Hoop

Uit Christipedia
Versie door Kees Langeveld (overleg | bijdragen) op 11 aug 2018 om 08:07 (Nieuwe pagina aangemaakt met ''''Hopen''' is, met zekere mate van vertrouwen, iets goeds verwachten<ref>Petrus Weiland, [http://books.google.com/books?id=FatJAAAAMAAJ&pg=RA1-PA259&vq=hoop#v=onep...')
(wijz) ← Oudere versie | Huidige versie (wijz) | Nieuwere versie → (wijz)

Hopen is, met zekere mate van vertrouwen, iets goeds verwachten[1].

In de Schrift komt het woord 'hoop' in twee betekenissen voor:

  1. een verwachting van iets waarvan de verwerkelijking onzeker is
  2. een verwachting van iets waarvan de verwerkelijking vast staat.

In het gewone spraakgebruik heeft het woord 'hoop' vrijwel altijd de eerste betekenis. In de Bijbel, inzonderheid het Nieuwe Testament, en ook in de godsdienstige taal, wordt het woord 'hoop' meestal in de tweede betekenis gebezigd.
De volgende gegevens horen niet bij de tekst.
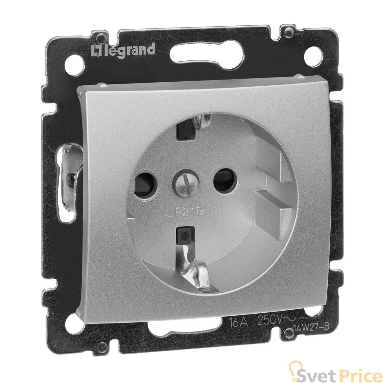 Розетка 2К+3 Legrand Valena 16A 250V с/з со шторками винтовой зажим алюминий 770121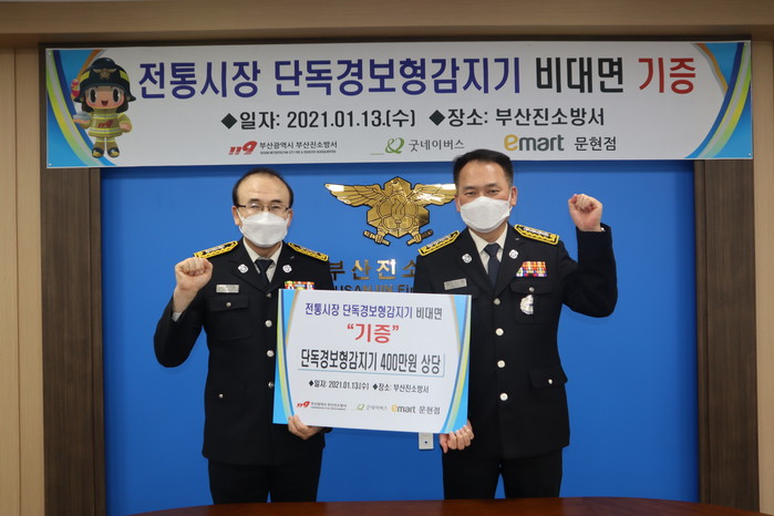 [로컬세계 맹화찬 기자]부산진소방서(서장 최대붕)는 13일 오후 본서 대회의실에서 이마트 문현점(점장 배기락)과 함께 단독경보형 감지기 기증 행사를 가졌다고 밝혔다.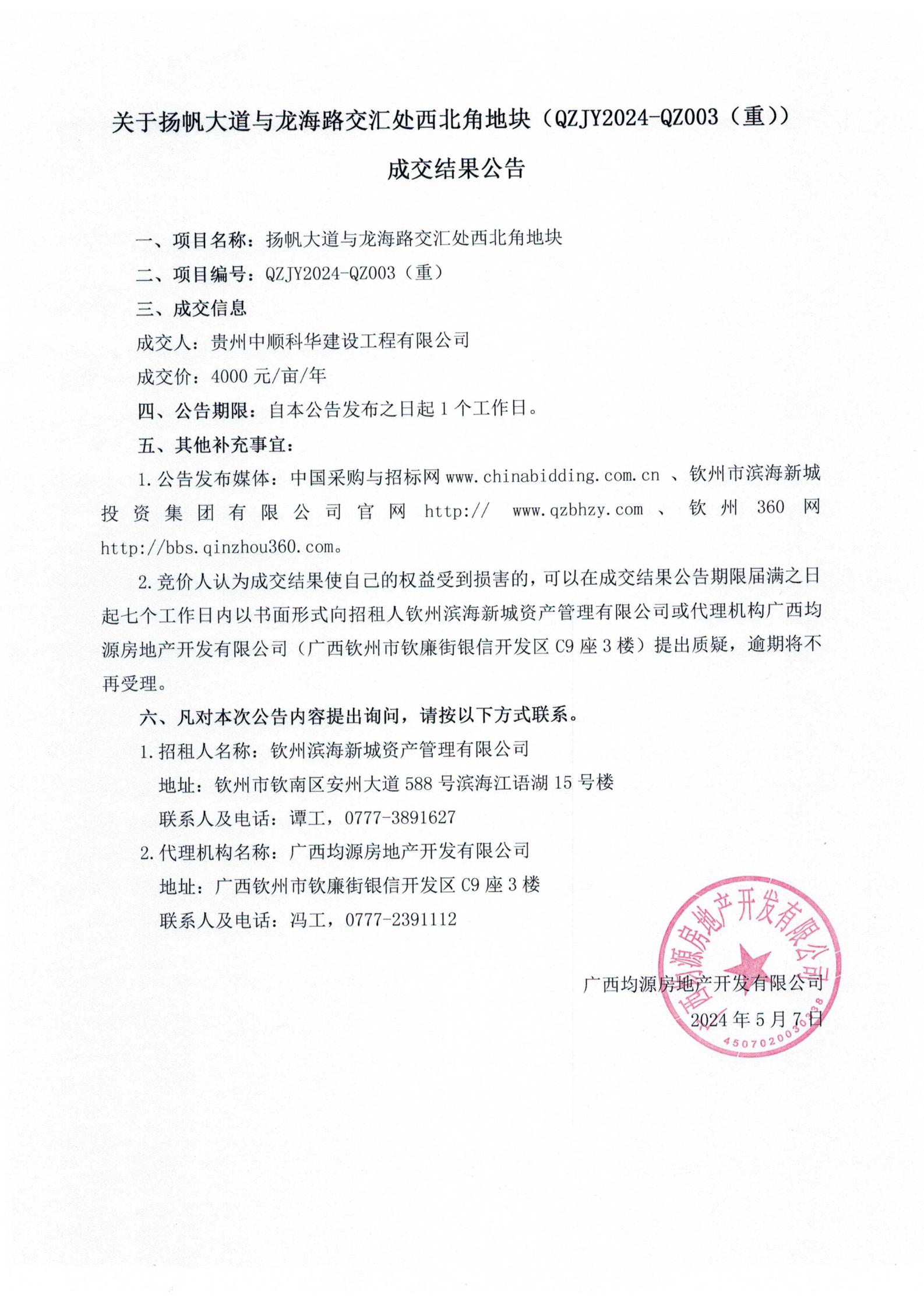 關(guān)于欽州市濱海新城投資集團(tuán)有限公司綜合展示廳成交結(jié)果公告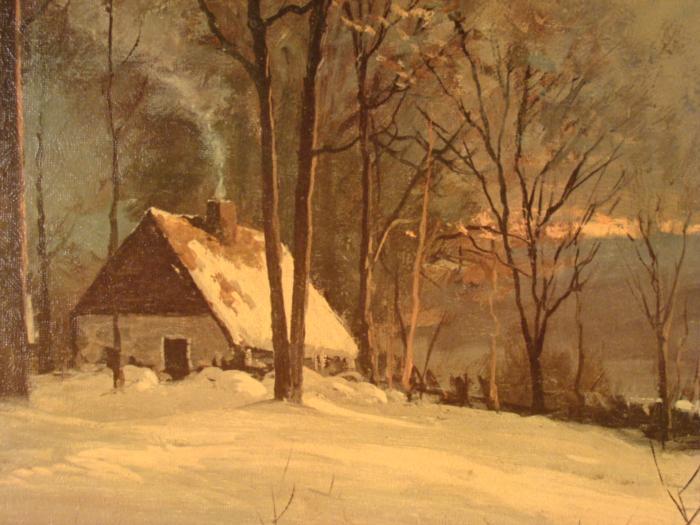 The large width of this artwork gives one the feeling of being along a snowy creek, while the last leaves of autumn hang on the trees. Artist: Robert Wood; printed signature lower left, and plaque at the lower center Title: Approach of Winter Medium: Print on textured paper Image size: 23 1/2 x 47 1/2 inches Framing: Dark brown wood frame, and tan linen matting and inner gold frame Frame size: 28 x 52 inches Condition: Very good; a few light stains on the matte, and scuffs on the frame Bring this scene of the changing season to any room.Robert Wood is the most prolific painter of American landscapes. The English born Wood had a father who was a Victorian painter, and his art was encourage at an early age. He studied painting in nearby Folkstone. He emigrated to America, where traveled as a hobo, hopping freight cars and selling paintings. He moved around to different parts of the country, from Illinois to Ohio to Texas to California. His work became well recognized. The American Express Company commissioned him to paint a series of six paintings that would be produced as prints for their cardholders, all portraying National Parks. Today his work is well loved and collected widely.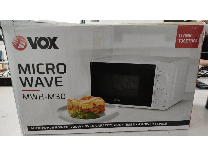 | Ostalo | Kontrola: Mehanička Kapacitet rerne: 20 l 3D distribucija talasa Broj nivoa snage: 5 nivoa snage Signal za kraj programa Zaštita za decu Neto težina: 10 kg Bruto težina: 11 kg Dimenzije uređaja (ŠxVxD): 45.1 x 33.2 x 25.8 cm Dimenzije spakovanog uređaja (ŠxVxD): 49 x 36 x 28.7 cm |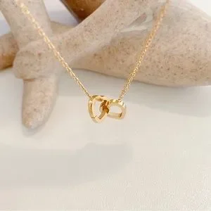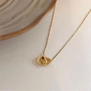 Simple Double Heart Pendant Necklace for Women Couple Stainless Steel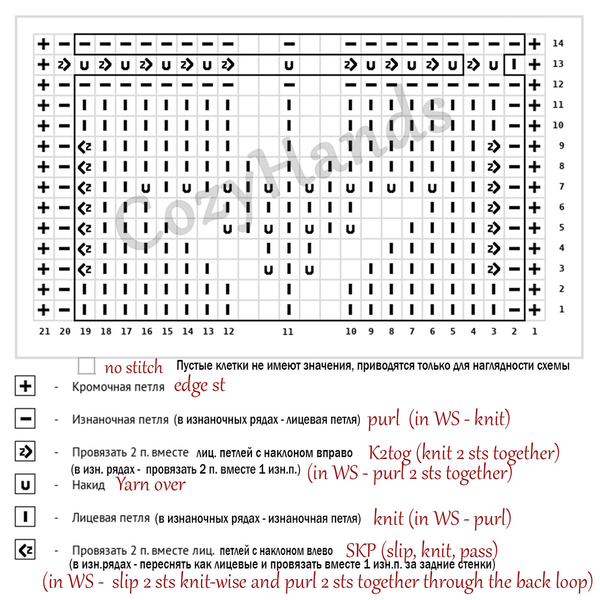 📕 Раппорт узора состоит из 18 петель и 14 рядов.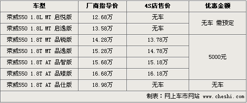 據(jù)4S店銷售人員介紹,目前榮威550銷售的車型主要以1.8T車型為主,其中性價比較高的車型為1.8T品臻型,4S店內(nèi)現(xiàn)在有現(xiàn)車供應(yīng),現(xiàn)金優(yōu)惠5000元左右,到店還可有一定幅度讓利。而1.8L啟悅版、啟逸版和1.8T品仕版則需要預定,訂金為2000元,需要等一個星期左右。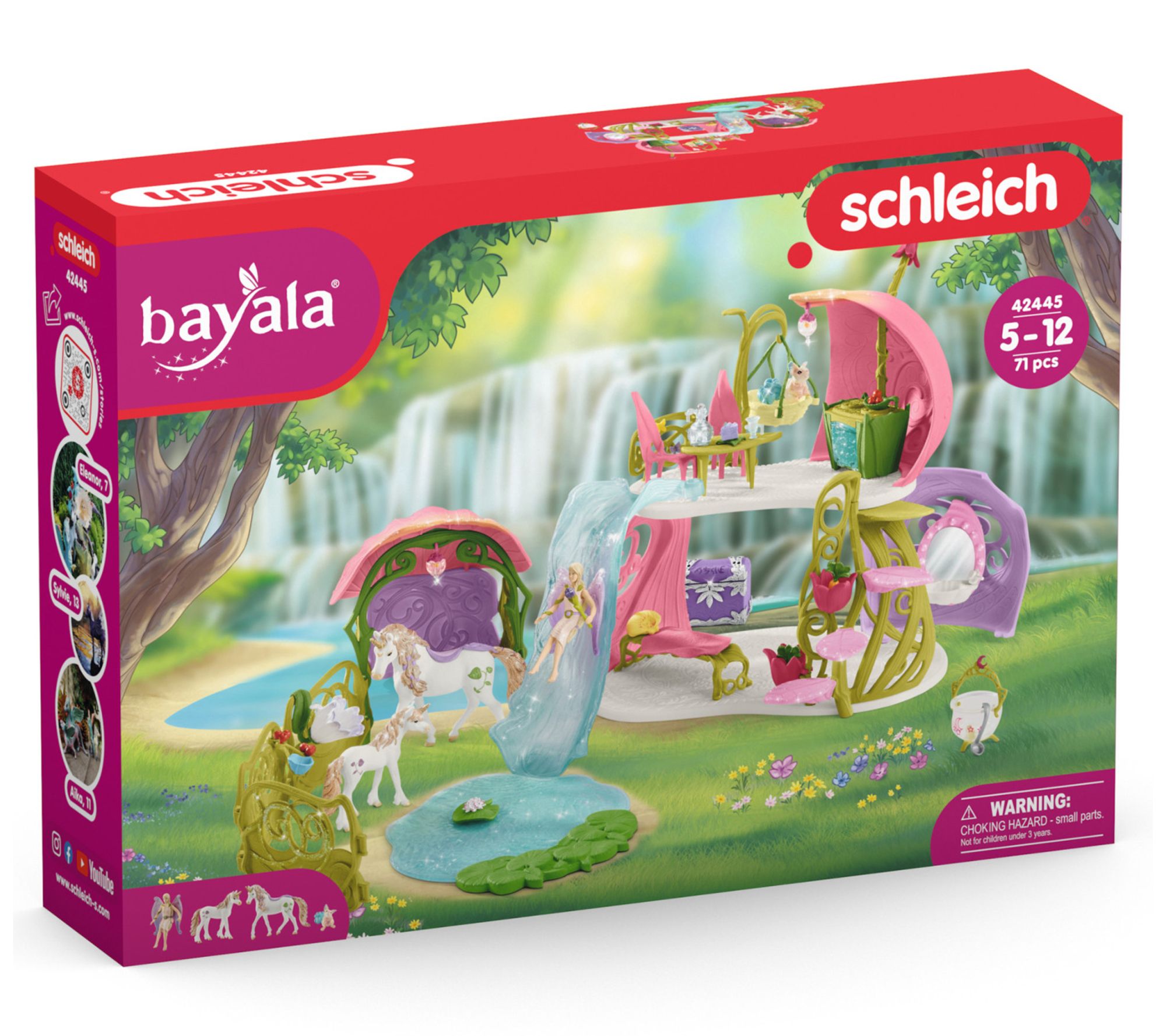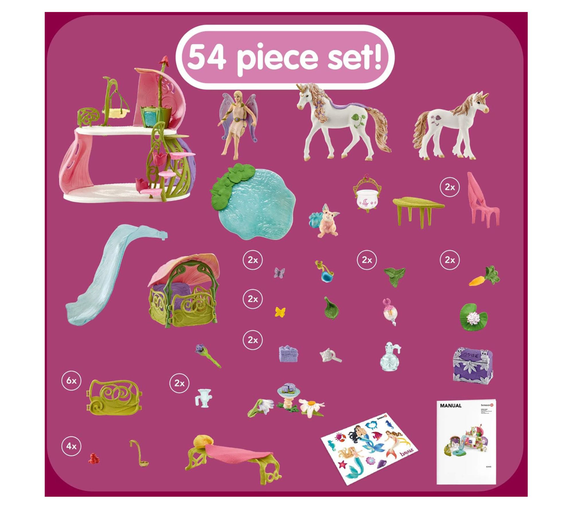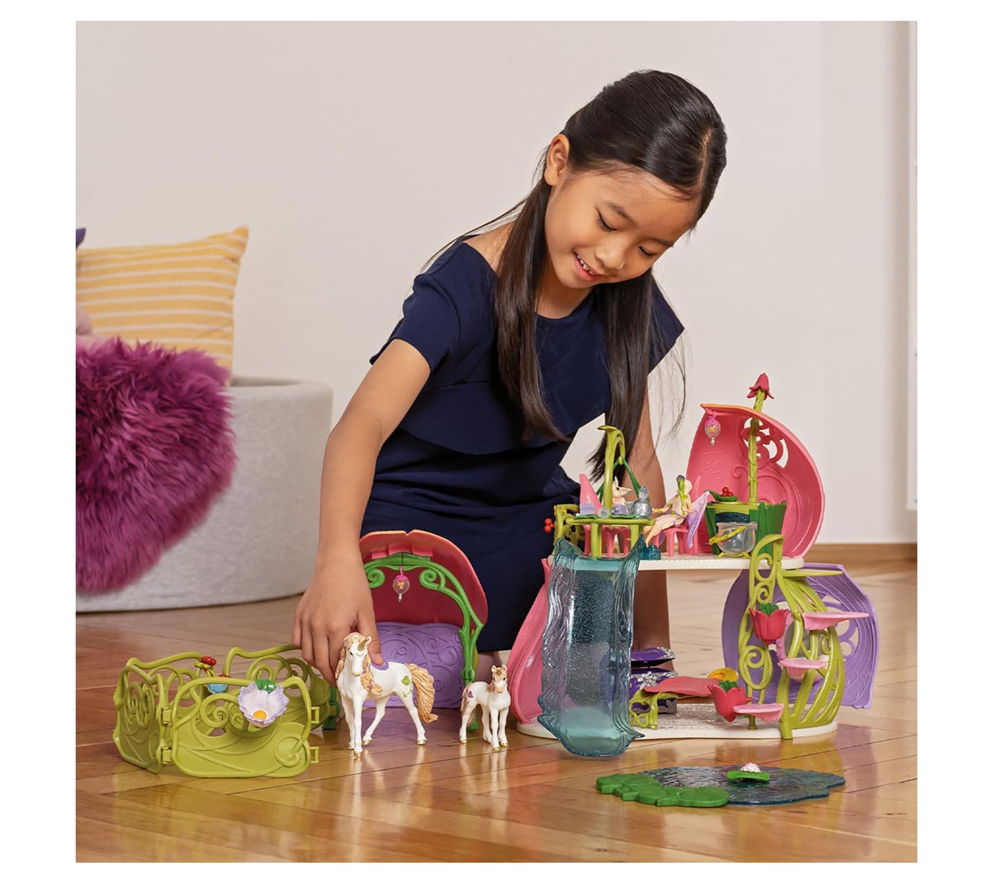Step into a whimsical journey with this enchanting playset, where a glittering flower house, unicorns, and magical details beckon hours of imaginative storytelling and adventure. The intricate design features a bubbling water slide, a stable for horses, and plenty of space for elves and friends to gather, dream, and explore endless new tales together. From Schleich.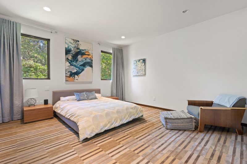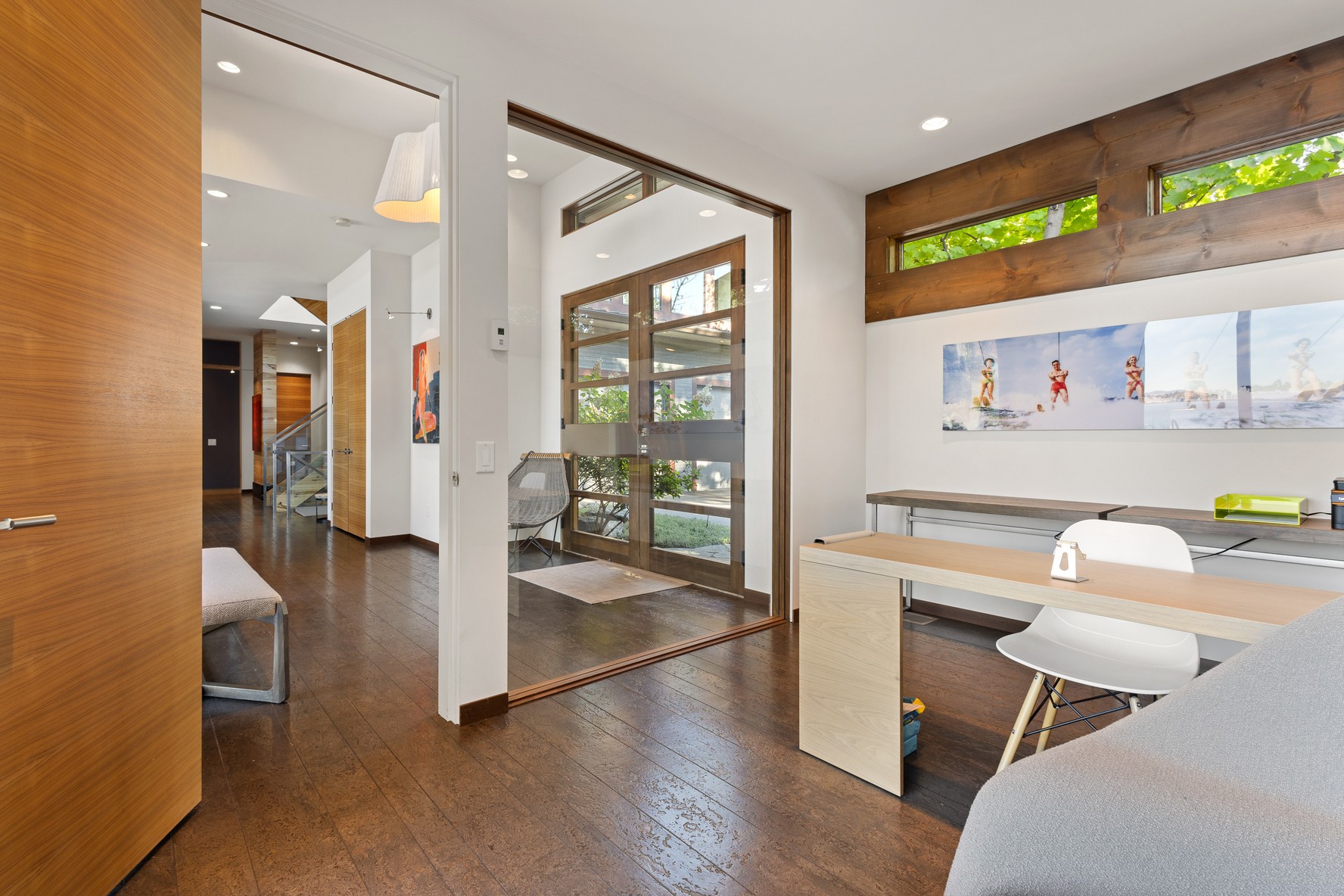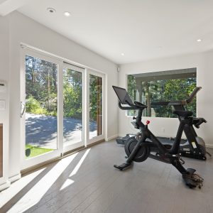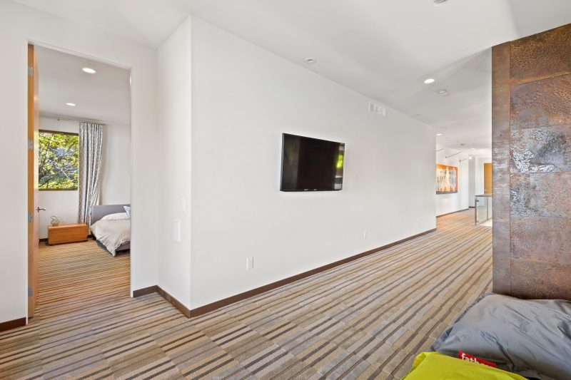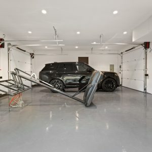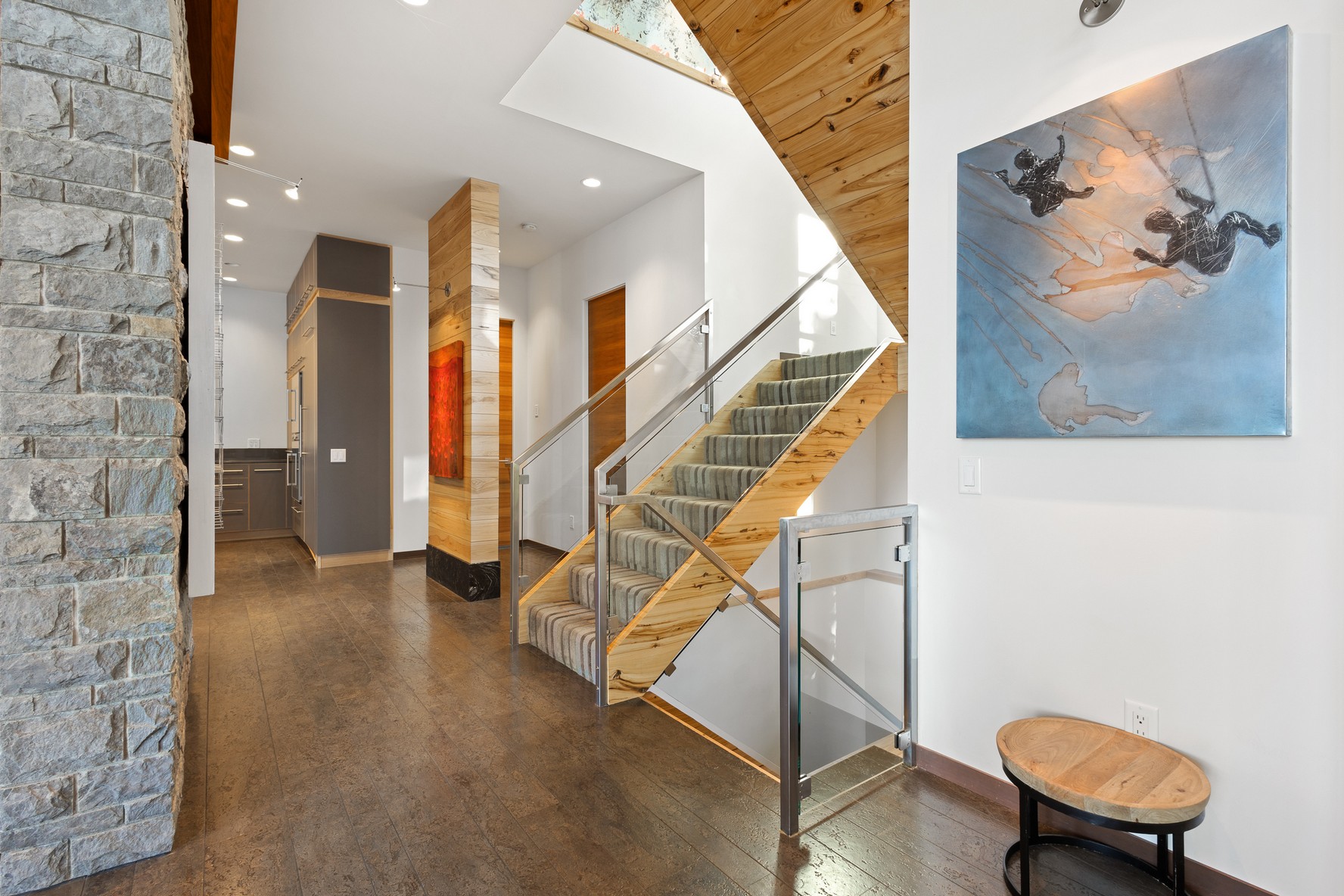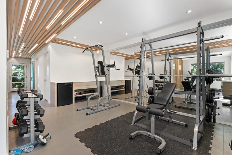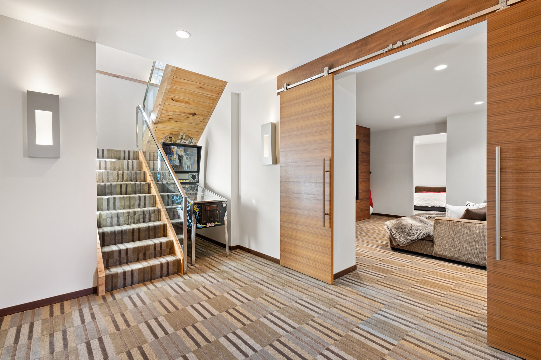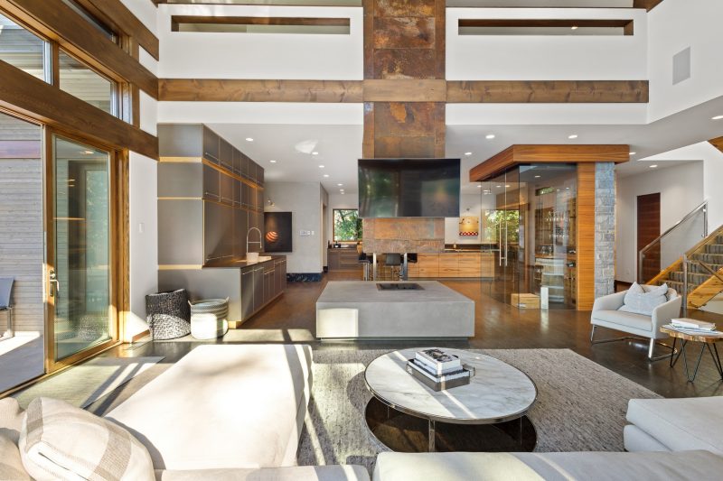 Inside, cork plank flooring, exposed beams and soaring ceilings create warmth and texture against dramatic steel and stone accents. Walls of glass open the great room to the pool terrace, creating seamless indoor-outdoor living. A glass-walled, temperature-controlled wine room adds a stunning focal point. The chef’s kitchen is designed for serious entertaining with a leathered granite island, quartz counters, Thermador induction cooktop, Gaggenau appliances, dual Miele dishwashers and a commercial-grade walk-in cooler.

Een voorbeeld van de eerste betekenis is te vinden in Hand.27:20, waar Lukas schrijft dat alle 'hoop' op behoudenis de schepelingen werd benomen:

Hnd 27:20 Toen er nu vele dagen geen zon en geen sterren waren te zien en de niet geringe storm aanhield, werd alle hoop dat wij behouden zouden worden, ons verder benomen. Hnd 27:21 En nadat men lange tijd zonder eten was geweest, ging Paulus in hun midden staan en zei: Mannen, men had naar mij moeten luisteren en niet van Kreta wegvaren en dit ongemak en deze schade moeten voorkomen. Hnd 27:22 En nu dring ik er bij u op aan goede moed te houden; want er zal van u geen enkel leven verloren gaan, alleen het schip. Hnd 27:23 Want vannacht stond bij mij een engel van de God van Wie ik ben, die ik ook dien, Hnd 27:24 en hij zei: Wees niet bang, Paulus, u moet voor de keizer verschijnen; en zie, God heeft u allen geschonken die met u varen. Hnd 27:25 Houdt daarom goede moed, mannen, want ik geloof God, dat het zo zal gaan als tot mij is gesproken. Hnd 27:26 Wij moeten echter op een of ander eiland stranden. (TELOS)

Merk op dat de onzekere verwachting plaats maakte door een zekere verwachting. De ene soort hoop week voor de andere, onzekerheid week voor zekerheid. Hoop in de tweede opgegeven betekenis vinden wij bijvoorbeeld in de volgende bijbelpassage:

Hnd 28:20 Om die reden dan heb ik u bij mij geroepen om u te zien en toe te spreken; want vanwege de hoop van Israel heb ik deze keten om. (TELOS)

Voetnoot

1. ↑ Petrus Weiland, Woordenboek der Nederduitsche Synonimen, 1821.